ACTIVITY: The listing that follows should be copied in full and exactly, with no pictures.

DATA:
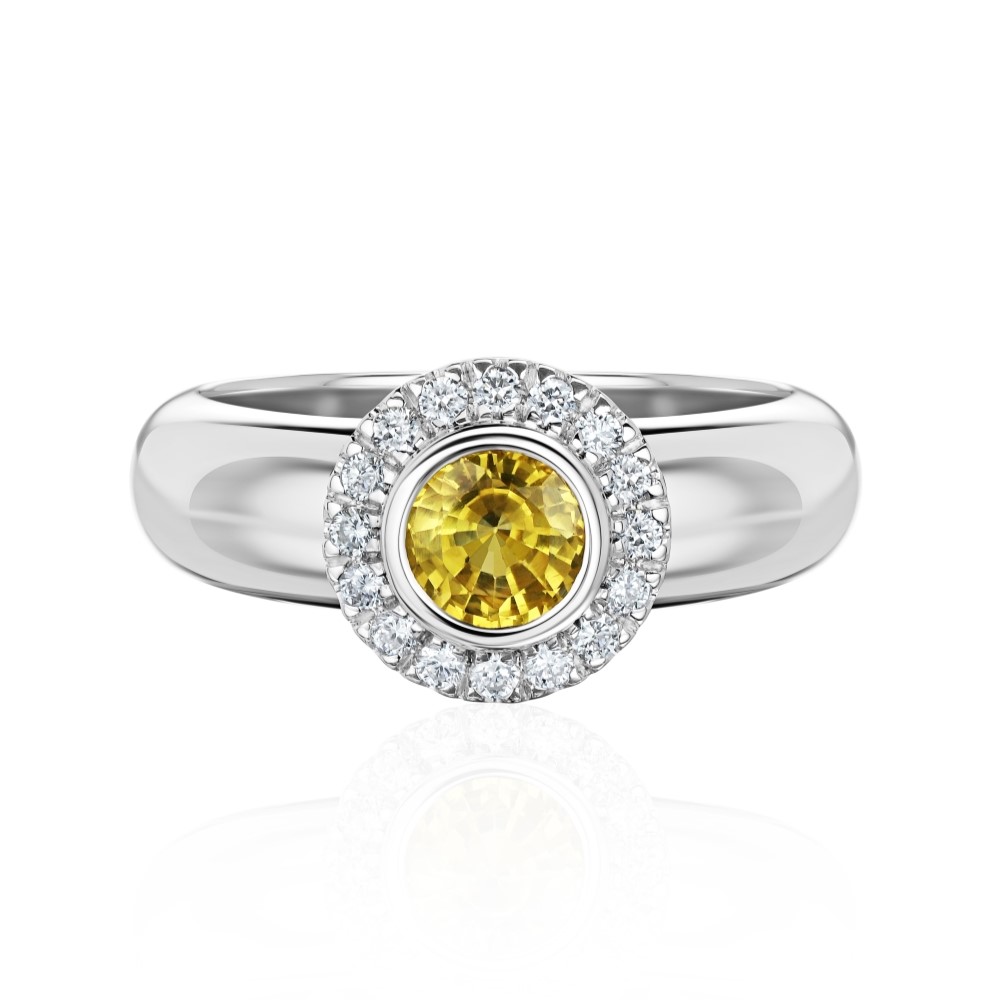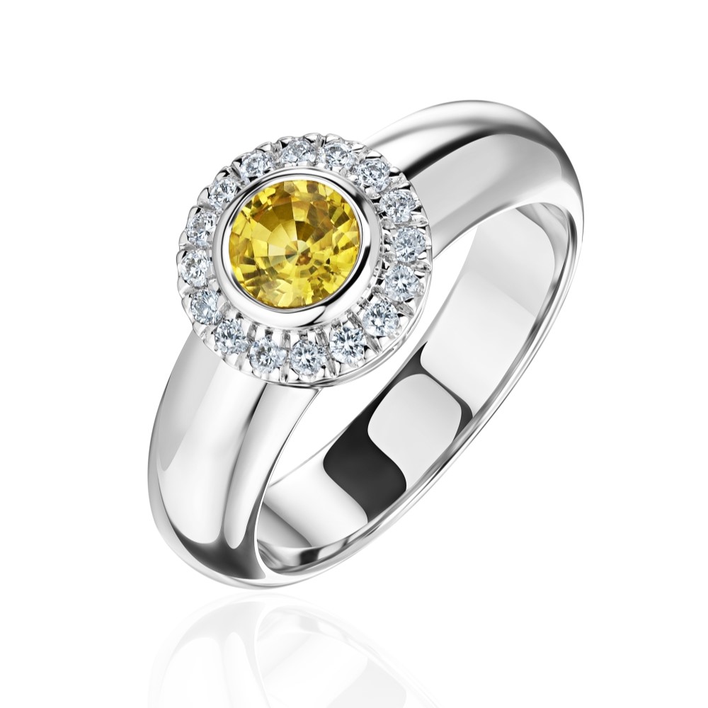 Восхитительный ярко-желтый желтый сапфир в обрамлении белоснежных бриллиантов в нашей популярной модели кольца из белого золота. Замечательное сочетание желтого сапфира круглой огранки, играющих бриллиантов, широких плавных линий кольца делают это украшение необыкновенно эффектным и нарядным. Кольцо изготовлено из белого золота 585 пробы. Вес кольца - 5,2 г. Масса желтого сапфира - около 0,7 карата. Желтый сапфир - природный, облагороженный. 16 Бриллиантов Кр-57 - 0,17 карата, характеристики камней 3/5А. Масса украшения и вес вставок в разных экземплярах могут варьироваться в незначительных пределах.
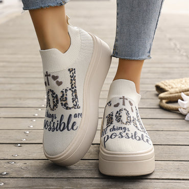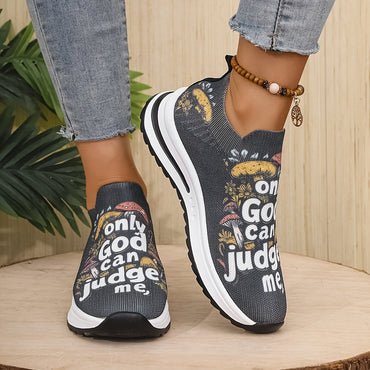 Women's Comfort Knit Sneakers - Vintage Letter Print, Thick Cushioned Sole, Slip-On Casual Shoes, Lightweight & Breathable Fabric for All-Day Wear
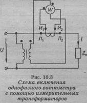 При включении обмоток ваттметра через измерительные трансформаторы (рис. 10.3) цену деления ваттметра определяют с учетом коэффициентов трансформации kI трансформатора тока и kU трансформатора напряжения:

ANSWER BOX:
 Восхитительный ярко-желтый желтый сапфир в обрамлении белоснежных бриллиантов в нашей популярной модели кольца из белого золота. Замечательное сочетание желтого сапфира круглой огранки, играющих бриллиантов, широких плавных линий кольца делают это украшение необыкновенно эффектным и нарядным. Кольцо изготовлено из белого золота 585 пробы. Вес кольца - 5,2 г. Масса желтого сапфира - около 0,7 карата. Желтый сапфир - природный, облагороженный. 16 Бриллиантов Кр-57 - 0,17 карата, характеристики камней 3/5А. Масса украшения и вес вставок в разных экземплярах могут варьироваться в незначительных пределах.
 Women's Comfort Knit Sneakers - Vintage Letter Print, Thick Cushioned Sole, Slip-On Casual Shoes, Lightweight & Breathable Fabric for All-Day Wear
 При включении обмоток ваттметра через измерительные трансформаторы (рис. 10.3) цену деления ваттметра определяют с учетом коэффициентов трансформации kI трансформатора тока и kU трансформатора напряжения:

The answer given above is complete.